Provided data START

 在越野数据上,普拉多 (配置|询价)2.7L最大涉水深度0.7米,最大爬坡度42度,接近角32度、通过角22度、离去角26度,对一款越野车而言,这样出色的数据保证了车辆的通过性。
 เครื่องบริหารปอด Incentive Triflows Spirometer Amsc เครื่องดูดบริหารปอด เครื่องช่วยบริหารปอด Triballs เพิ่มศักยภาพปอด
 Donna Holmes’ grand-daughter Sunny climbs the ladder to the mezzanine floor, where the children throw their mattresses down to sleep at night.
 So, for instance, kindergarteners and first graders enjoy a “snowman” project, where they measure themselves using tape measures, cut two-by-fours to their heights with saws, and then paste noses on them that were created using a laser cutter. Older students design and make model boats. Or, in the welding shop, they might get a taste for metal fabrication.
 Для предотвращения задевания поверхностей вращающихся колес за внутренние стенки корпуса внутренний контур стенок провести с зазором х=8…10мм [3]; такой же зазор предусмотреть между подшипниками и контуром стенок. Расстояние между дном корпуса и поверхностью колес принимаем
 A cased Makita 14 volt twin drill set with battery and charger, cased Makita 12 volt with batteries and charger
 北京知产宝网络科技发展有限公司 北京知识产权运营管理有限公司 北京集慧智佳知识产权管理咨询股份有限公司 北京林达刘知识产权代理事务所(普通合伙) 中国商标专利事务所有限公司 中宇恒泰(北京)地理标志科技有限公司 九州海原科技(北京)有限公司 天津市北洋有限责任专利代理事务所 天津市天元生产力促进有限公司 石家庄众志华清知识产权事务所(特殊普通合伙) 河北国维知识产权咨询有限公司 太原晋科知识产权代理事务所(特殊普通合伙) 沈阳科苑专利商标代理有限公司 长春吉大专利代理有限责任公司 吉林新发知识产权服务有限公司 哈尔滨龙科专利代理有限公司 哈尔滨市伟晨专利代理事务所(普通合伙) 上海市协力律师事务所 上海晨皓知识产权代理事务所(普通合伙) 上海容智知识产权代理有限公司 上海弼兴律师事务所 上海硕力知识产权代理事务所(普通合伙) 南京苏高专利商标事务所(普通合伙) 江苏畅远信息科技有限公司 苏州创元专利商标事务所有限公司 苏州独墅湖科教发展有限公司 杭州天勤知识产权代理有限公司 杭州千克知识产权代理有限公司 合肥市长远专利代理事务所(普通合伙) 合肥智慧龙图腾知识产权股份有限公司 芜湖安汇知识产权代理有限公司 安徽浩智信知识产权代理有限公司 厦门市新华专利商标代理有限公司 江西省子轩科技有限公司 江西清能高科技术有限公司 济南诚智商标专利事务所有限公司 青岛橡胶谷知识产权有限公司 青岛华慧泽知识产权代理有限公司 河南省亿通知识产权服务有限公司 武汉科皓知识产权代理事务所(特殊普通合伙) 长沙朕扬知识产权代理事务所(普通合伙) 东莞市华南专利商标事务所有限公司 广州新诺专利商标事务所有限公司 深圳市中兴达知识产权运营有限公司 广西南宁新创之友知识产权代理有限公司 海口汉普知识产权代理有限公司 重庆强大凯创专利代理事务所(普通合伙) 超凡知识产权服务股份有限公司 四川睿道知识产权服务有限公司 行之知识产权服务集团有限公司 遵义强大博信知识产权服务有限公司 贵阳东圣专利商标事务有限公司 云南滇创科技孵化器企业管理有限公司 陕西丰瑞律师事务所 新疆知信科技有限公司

Provided data END
Provided data START

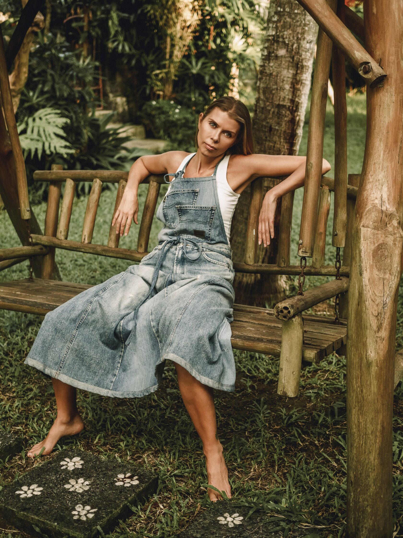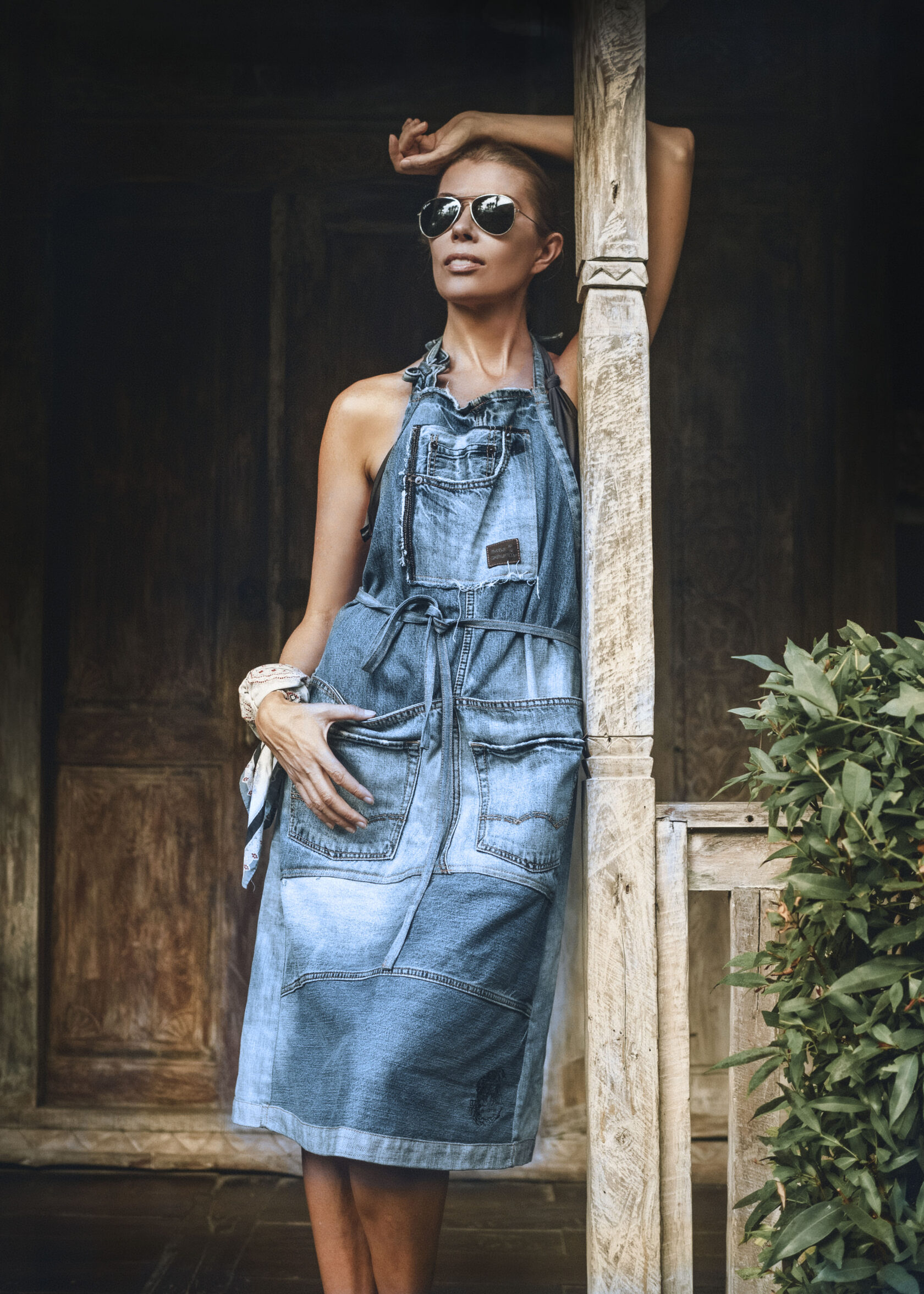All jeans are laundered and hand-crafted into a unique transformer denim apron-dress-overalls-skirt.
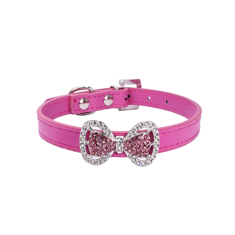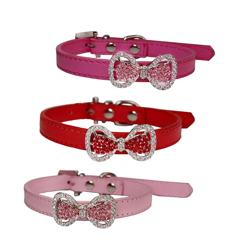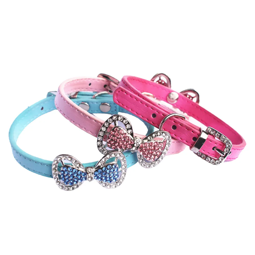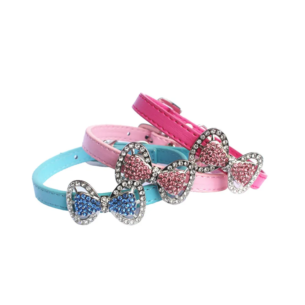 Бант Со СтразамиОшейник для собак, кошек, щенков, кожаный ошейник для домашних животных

Provided data END

• _Exercise aim_: Return each line from the entries above that includes "their".

• _Task solution_:
 Donna Holmes’ grand-daughter Sunny climbs the ladder to the mezzanine floor, where the children throw their mattresses down to sleep at night.
 So, for instance, kindergarteners and first graders enjoy a “snowman” project, where they measure themselves using tape measures, cut two-by-fours to their heights with saws, and then paste noses on them that were created using a laser cutter. Older students design and make model boats. Or, in the welding shop, they might get a taste for metal fabrication.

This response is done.